=== Extracted entries ===

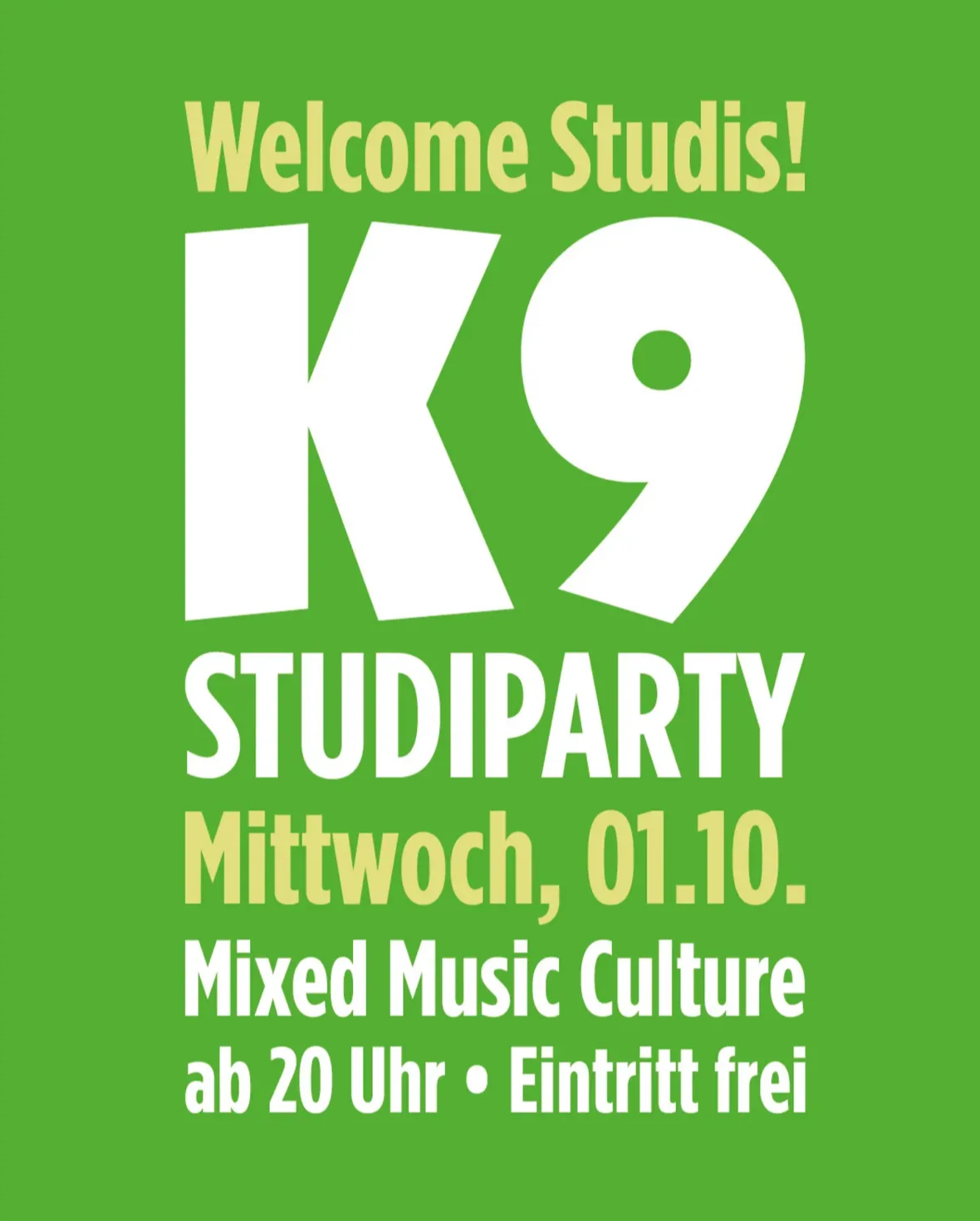 K9 Konstanz Hieronymusgasse 3,Konstanz,SwitzerlandMittwoch, den 01.10.2025 ab 20:00 Uhr Welcome Studis! |Foyer-Bar| Einmal im Monat öffnet das K9 Kunst- und Kulturzentrum seine Türen für die K9-Studiparty „Welcome Studis!" - den Abend für alle kulturbegeisterten Studierenden der Stadt. Egal ob von der Uni, der HTWG oder den Musik- und Kunstschulen oder Sonstiges - alle sind herzlich eingeladen! Freut euch… Weiterlesen »Studiparty – Kulturzentrum K9 Konstanz
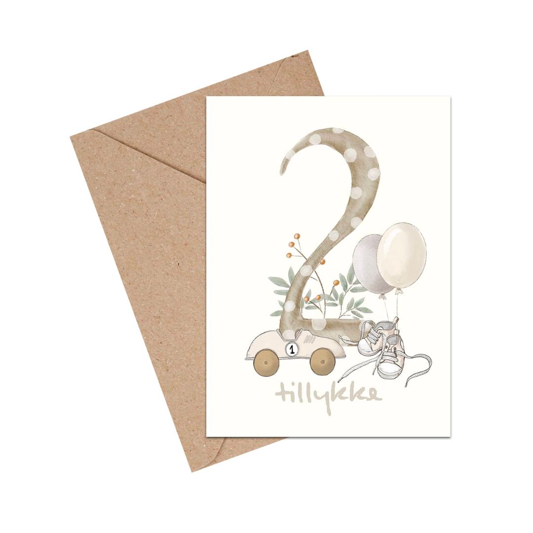2 ÅRS FØDSELSDAGSKORT MED SMÅ SKO OG VINTAGE BIL
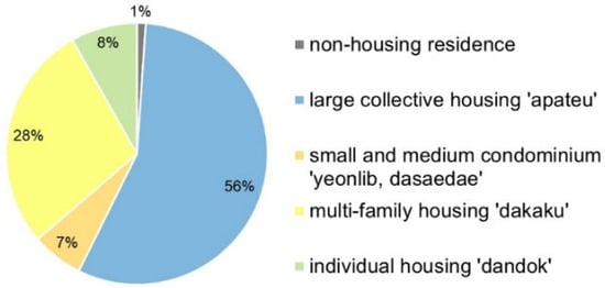 Large-scale apartment complexes now dominate Daegu’s housing market, accounting for 56% of the city’s housing stock as of 2017 (Figure 7). Small-scale tenements (Korean: dakaku) constitute the main alternative, while mid-scale condominiums (Korean: dasaedae and yeonlib) and individual housing represent only a fraction of the stock [96].
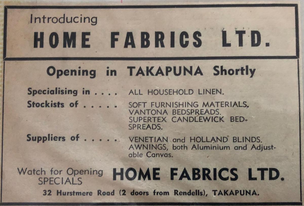 Home Fabrics – 28 Hurstmere Rd, Takapuna. Phone 486 1103.
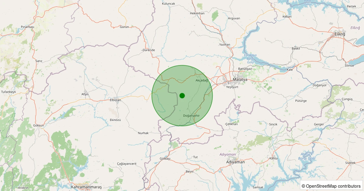 Son 7 gün içinde Doğanşehir - Dedeyazı noktasından 100 km yarıçap içerisinde meydana gelen diğer depremler:
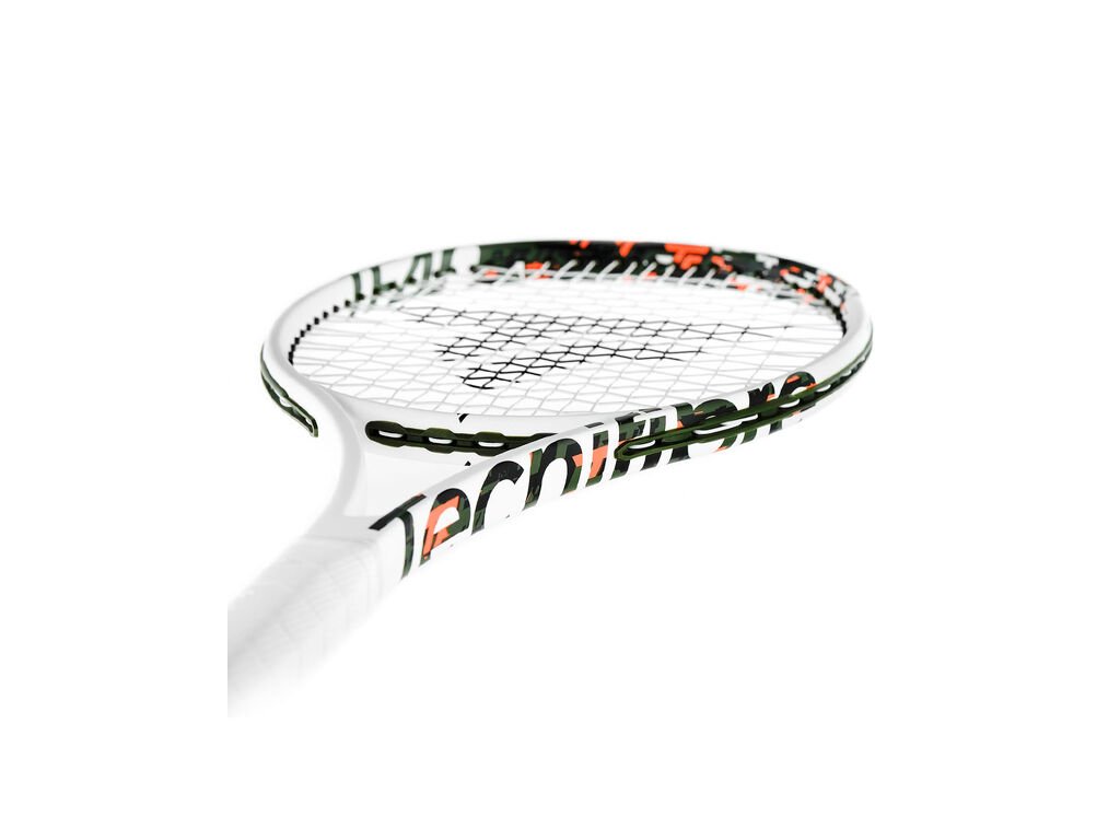 Raketa zaujme i svým moderním designem – bílý základ je doplněn o výrazné khaki a neonově oranžové prvky v dynamickém grafickém provedení.
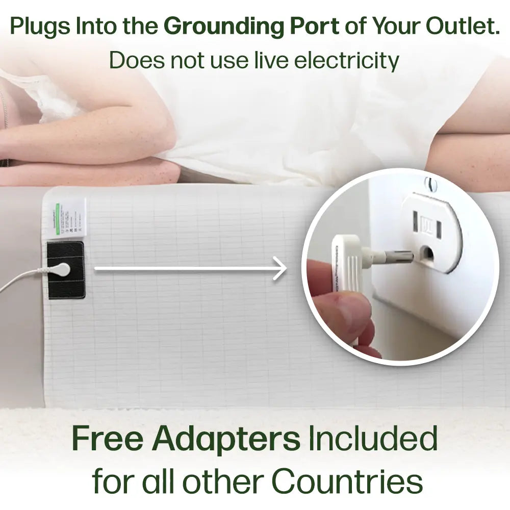 The GroundingWell Bedsheet transfers the Earth's electrons into your bed through the grounding cable in your wall. This allows you to receive the nurturing benefits of grounding during the comfort of your night's sleep.
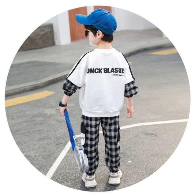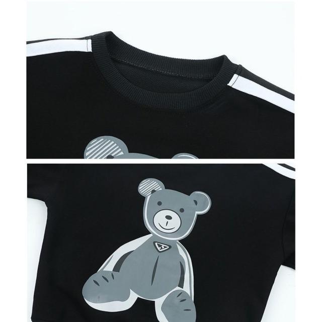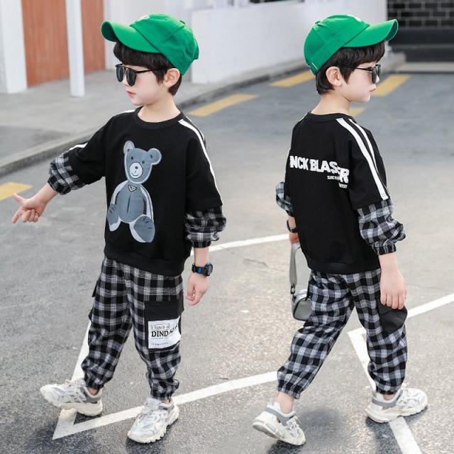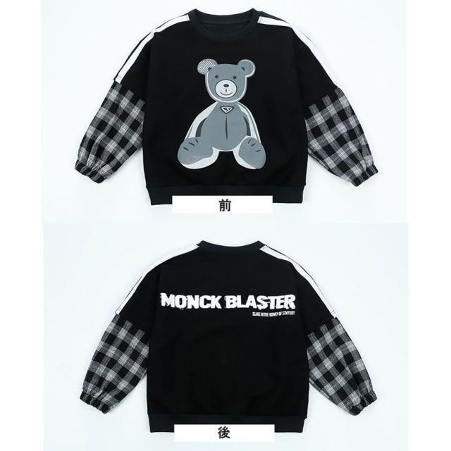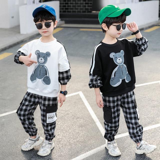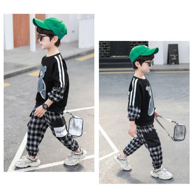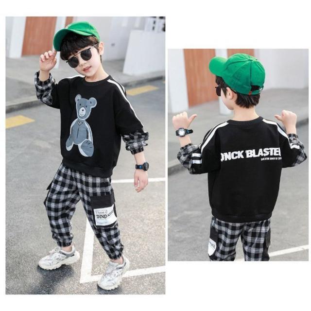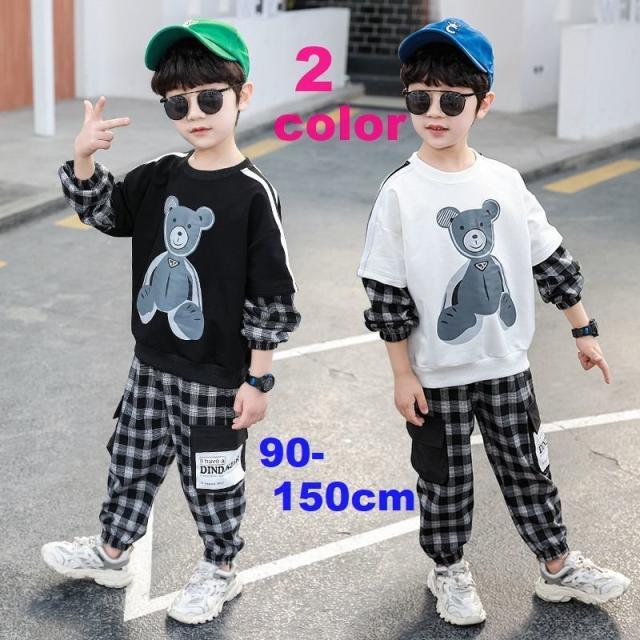 セットアップ 子供服 キッズ ベビー ジュニア 男の子 女の子 上下 2点セット 長袖 ロングパンツ 重ね着風 チェック クマ カジュアル 英字ロゴ

===

• Problem statement:
Exactly the lines from the line that contains "Large-scale apartment complexes" through the last line above, and no other lines, must be output, with pictures excluded.

• Task response:
 Large-scale apartment complexes now dominate Daegu’s housing market, accounting for 56% of the city’s housing stock as of 2017 (Figure 7). Small-scale tenements (Korean: dakaku) constitute the main alternative, while mid-scale condominiums (Korean: dasaedae and yeonlib) and individual housing represent only a fraction of the stock [96].
 Home Fabrics – 28 Hurstmere Rd, Takapuna. Phone 486 1103.
 Son 7 gün içinde Doğanşehir - Dedeyazı noktasından 100 km yarıçap içerisinde meydana gelen diğer depremler:
 Raketa zaujme i svým moderním designem – bílý základ je doplněn o výrazné khaki a neonově oranžové prvky v dynamickém grafickém provedení.
 The GroundingWell Bedsheet transfers the Earth's electrons into your bed through the grounding cable in your wall. This allows you to receive the nurturing benefits of grounding during the comfort of your night's sleep.
 セットアップ 子供服 キッズ ベビー ジュニア 男の子 女の子 上下 2点セット 長袖 ロングパンツ 重ね着風 チェック クマ カジュアル 英字ロゴ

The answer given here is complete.